- Written: October 1845
- Text: by Eliza R. Snow
- Melody: set to "My Redeemer" by James McGranahan
- Published: 15 November 1845: Nauvoo, Illinois
- Publisher: Times and Seasons

= O My Father =

"O My Father" (originally "My Father in Heaven", also "Invocation, or The Eternal Father and Mother") is a Latter-day Saint hymn written by Eliza R. Snow, who felt inspired to write the lyrics after Joseph Smith had taught her the principle of heavenly parents.

==Heavenly Mother==
Although references to a Heavenly Mother by church leadership have occurred every few years since Smith first taught the doctrine, the hymn is significant in terms of Mormon theology in that it is perhaps the most prominent and well-known reference to a "Heavenly Mother" in materials published by the Church of Jesus Christ of Latter-day Saints.

After discussing pre-mortal existence and a sense of belonging to "a more exalted sphere" in heaven, stanza three reasons that if there is an eternal Father there must also be an eternal Mother:

I had learn’d to call thee father
   Through thy spirit from on high;
But until the key of knowledge
   Was restor’d, I knew not why.
In the heav’ns are parents single?
   No, the thought makes reason stare;
Truth is reason—truth eternal
   Tells me I’ve a mother there.
— Eliza R. Snow

==History==
Snow wrote "O My Father" as a poem under the title "My Father in Heaven" in October 1845 in the home of Stephen Markham in Nauvoo, Illinois.
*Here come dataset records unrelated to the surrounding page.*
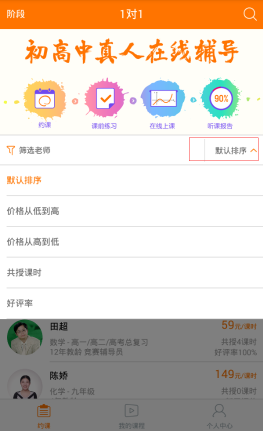 可以自由选择排序方式来选择老师,根据价格、授课时长、好评率等
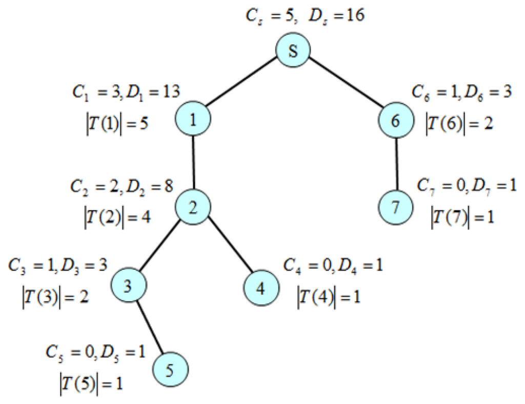 The calculation of control slot demand and data slot demand is performed from leaf nodes up to a sink node recursively according to Definition 2 and Definition 3. We use a Slot Demand Calculation message (SDC_MSG) expressed as SDC_MSG = (Ci, Di, |T(i)|) where Ci and Di corresponds to the number of control slots and data slots that a node i demands from its parent p(i), respectively. A leaf node sends SDC_MSG = (0, 1, 1) to its parent since it does not have to send control message, but has to send one data packet to its parent. An intermediate node i waits until it receives all SDC_MSGs from its children, and then calculates Ci and Di. Then, it sends SDC_MSG to its parent. Eventually, the sink s can obtain Cs and Ds, assuming that none of SDC_MSGs is missing. A timer is used to prevent the locking of the algorithm from the missing of message. Since every node has to send SDA_MSG once, the complexity of message transmission of the SDC algorithm is Θ(n) when n is the number of nodes. Figure 10 shows a slot demand calculation example by the SDC algorithm. Since a leaf node does not have to forward a control message, but has to send one data packet, C4 = C5 = C7 = 0 and D4 = D5 = D7 = 1. In this way, C1 = 3, D1 = 13 and C6 = 1, D6 = 3. Finally, we get Cs = 5 and Ds = 16.
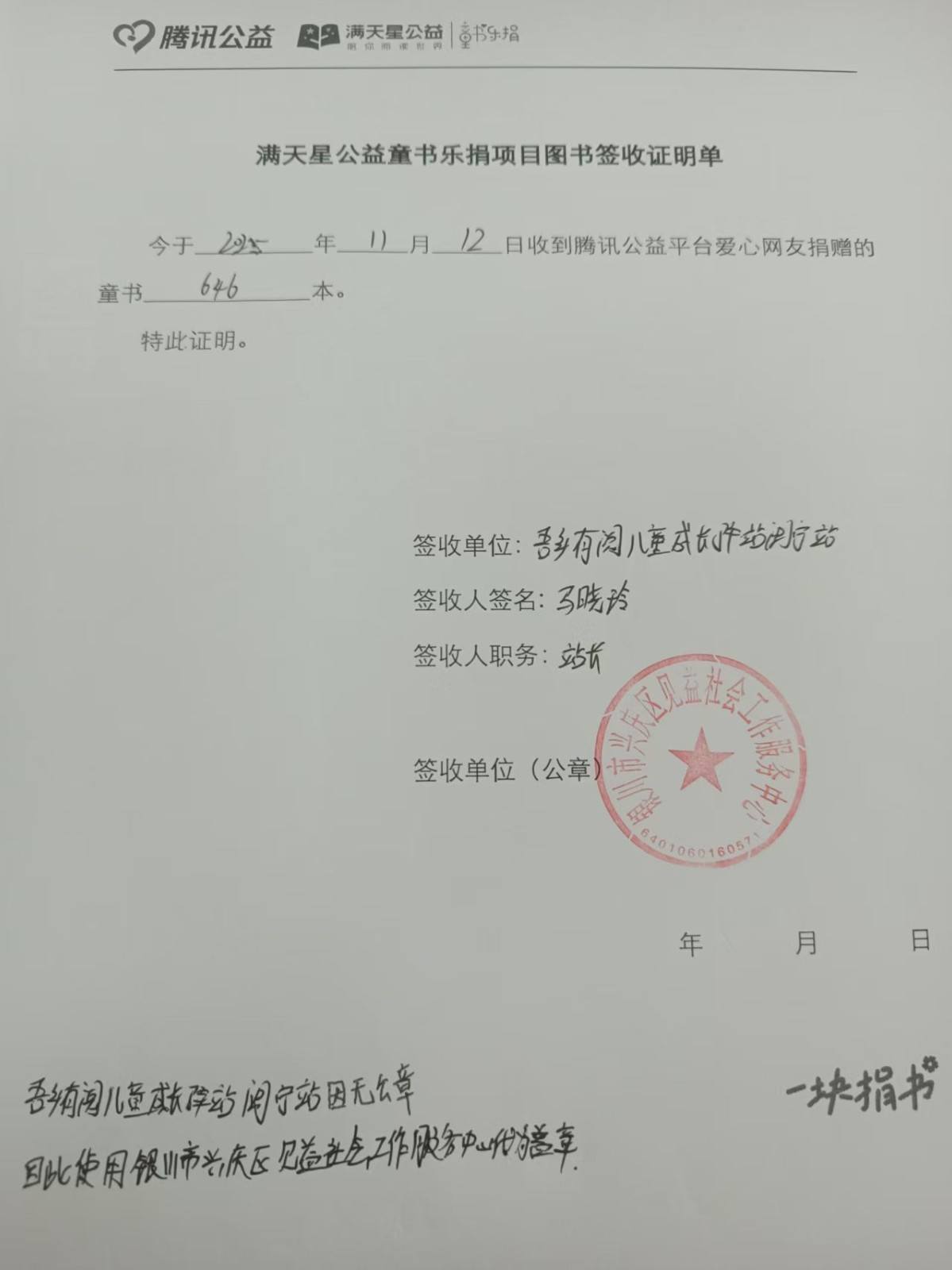 ——申请原因:吾乡有阅儿童成长驿站闽宁站自运营以来,始终致力于为闽宁镇的孩子们打造一个优质的阅读空间。目前,随着阅读活动的深入开展以及孩子们阅读需求的日益增长,现有图书资源逐渐难以满足孩子们多样化的阅读需求。部分图书因长期借阅出现破损老化现象,而新书补充速度较慢,无法及时跟上孩子们的阅读步伐。在此背景下,我们迫切申请2025童书乐捐计划的图书资源。若能成功申请,丰富的图书将极大充实书馆馆藏,满足不同年龄段孩子的阅读喜好,无论是文学故事、科普知识还是艺术人文等方面的需求都能得到更好的满足,进一步激发孩子们的阅读兴趣 ,助力他们在阅读中不断成长,让知识的力量为闽宁镇的孩子们开启更加广阔的未来。
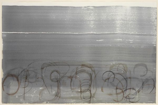 Curator: What we have here is "The Channel Sketchbook 1," a watercolor by J.M.W. Turner, created around 1845. The muted tones give it an almost ethereal quality, don't you think? Editor: Ethereal is one word, I’d say desolate. Look at that band of muddy grey against the pale, sickly pink. It feels like a landscape ravaged by something—industry, perhaps, or just unrelenting weather. We have to remember Turner lived in a period of massive social upheaval related to labor practices. Curator: Absolutely. But observe Turner’s technique—the paper itself, the very substance that receives the pigment, becomes part of the art. This isn't just pigment; it's water, paper, and the deliberate gesture of the artist’s hand enacting industrial landscape and the materiality of it all in a watercolor field sketch. He was obsessed with light and atmosphere; in many ways he prefigured abstraction, all those elements are captured. Editor: I agree it's more than representation. This feels to me like an articulation of vulnerability – of the working classes subject to those destructive economic forces. Those smeared pinks and greys read as a kind of suffering; a collective melancholia of displacement. And the fact it is on paper allows for portability in these messages. Curator: The choice of watercolor, though, shouldn't be overlooked. Its translucence lends itself perfectly to capturing fleeting moments, the impermanence of atmospheric conditions. Consider the availability of this material. Turner chose his material and knew it was key to how his art would develop its meanings. Editor: Precisely, and how that aligns with social structures! Watercolour paintings were also seen as minor artworks, craft. And in Turner's time the establishment saw art as solely for the wealthy ruling classes, Turner captures so much with seemingly so little as his means were inexpensive. That also creates the class distinctions visually and symbolically through production means. Curator: So, Turner offers us, through humble materials, a glimpse into fleeting conditions. Editor: Precisely, and this glimpse functions as a mirror reflecting on class divides in the rapidly industrializing world around him. A somber work when contextualized within the labour conditions of 1845. Curator: Thinking about the physical materials and their manipulation really does unlock a richer understanding of its creation. Editor: Indeed. Analyzing art through multiple critical lenses opens up new avenues for interpretation.

The Times and Seasons first published the words on 15 November 1845, more than a year after Smith was killed.

The poetry was later set to the music of another Christian hymn, "My Redeemer" by James McGranahan, and included in Latter-day Saint hymnals, including the current one. When a collection of Snow's poems were published in 1856, this work was placed first in the double-volume set and entitled "Invocation, or The Eternal Father and Mother".